TASK: Quote only the span from the first line of the entries to the line containing "6、返回小说主页,选择右上角", both ends kept. Leave every picture out.

(EXERCISE DATA begins)

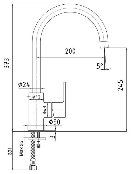 • Высота смесителя:
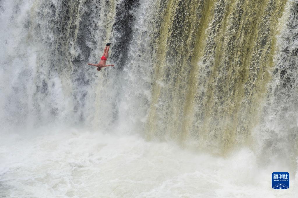 5月14日,在黑龍江省牡丹江市的鏡泊湖世界地質(zhì)公園,瀑布跳水表演者狄煥然從吊水樓瀑布上縱身躍下。
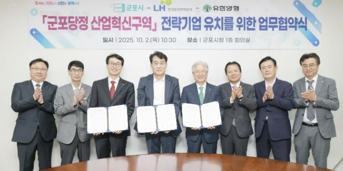 [경남도민뉴스=김동규 기자] 군포시는 2일 군포시청에서 한국토지주택공사(LH), ㈜유한양행과 ‘군포당정 산업혁신구역’ R·D 전략기업 유치를 위한 업무협약을 체결했다고 밝혔다.
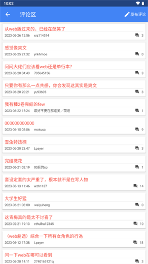 6、返回小说主页,选择右上角【对话框】图标可以进入小说的评论区,查看书友们的留言评论,帮助你更真实地了解这部小说,以上就是轻小说文库的使用方法了。
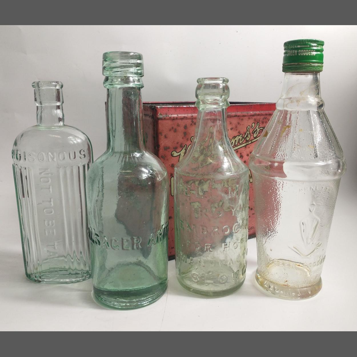 FOUR VINTAGE glass bottles - "ELLIMAN'S ROYAL EMBROCATION FOR HORSES MANUFACTORY SLOUGH", "POISONOUS, NOT TO BE TAKEN", "GARNETTS GREEN GODDESS", "ALSAGER ARMS" plus a VINTAGE 8lbs "William's New Cream Toffee" tin, (16 x 16cm) with lid.
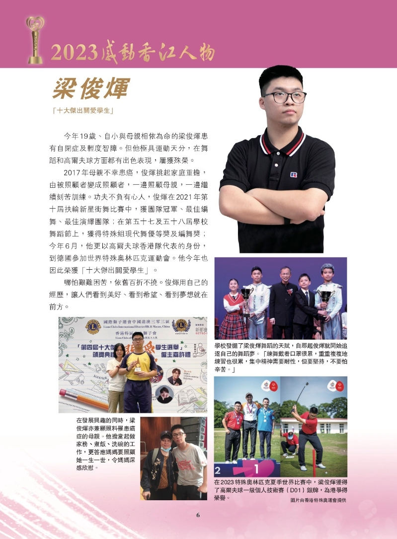 圖片來源:主辦方。 “十大傑出關愛學生”梁俊煇,今年19歲,自小與母親相依為命的梁俊煇患有自閉症及輕度智力障礙,但他極具運動天分,在舞蹈和高爾夫球方面都有出色表現。在母親不幸患癌後,俊煇更挑起家庭重擔,由被照顧者變成照顧者,一邊照顧母親,一邊繼續刻苦訓練,在國際賽事上屢屢為港爭光。
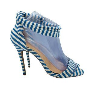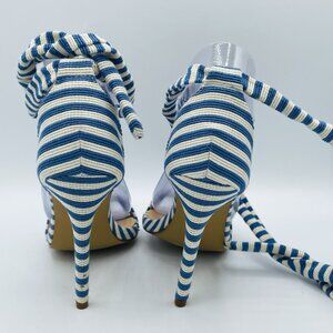 Liliana Heels Womens Size 6.5 Blue White Striped Strappy Stiletto High Shoes
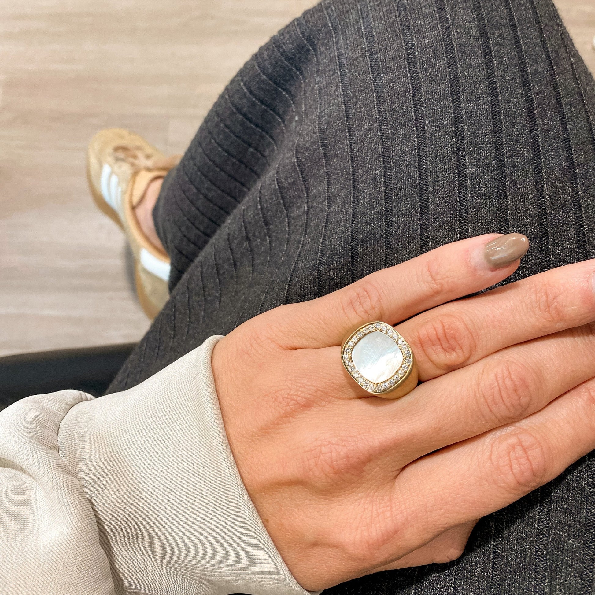 - Mother of Pearl: 5.09 ct center stone, 0.48 ct diamonds

(EXERCISE DATA ends)

EXERCISE RESPONSE:
 • Высота смесителя:
 5月14日,在黑龍江省牡丹江市的鏡泊湖世界地質(zhì)公園,瀑布跳水表演者狄煥然從吊水樓瀑布上縱身躍下。
 [경남도민뉴스=김동규 기자] 군포시는 2일 군포시청에서 한국토지주택공사(LH), ㈜유한양행과 ‘군포당정 산업혁신구역’ R·D 전략기업 유치를 위한 업무협약을 체결했다고 밝혔다.
 6、返回小说主页,选择右上角【对话框】图标可以进入小说的评论区,查看书友们的留言评论,帮助你更真实地了解这部小说,以上就是轻小说文库的使用方法了。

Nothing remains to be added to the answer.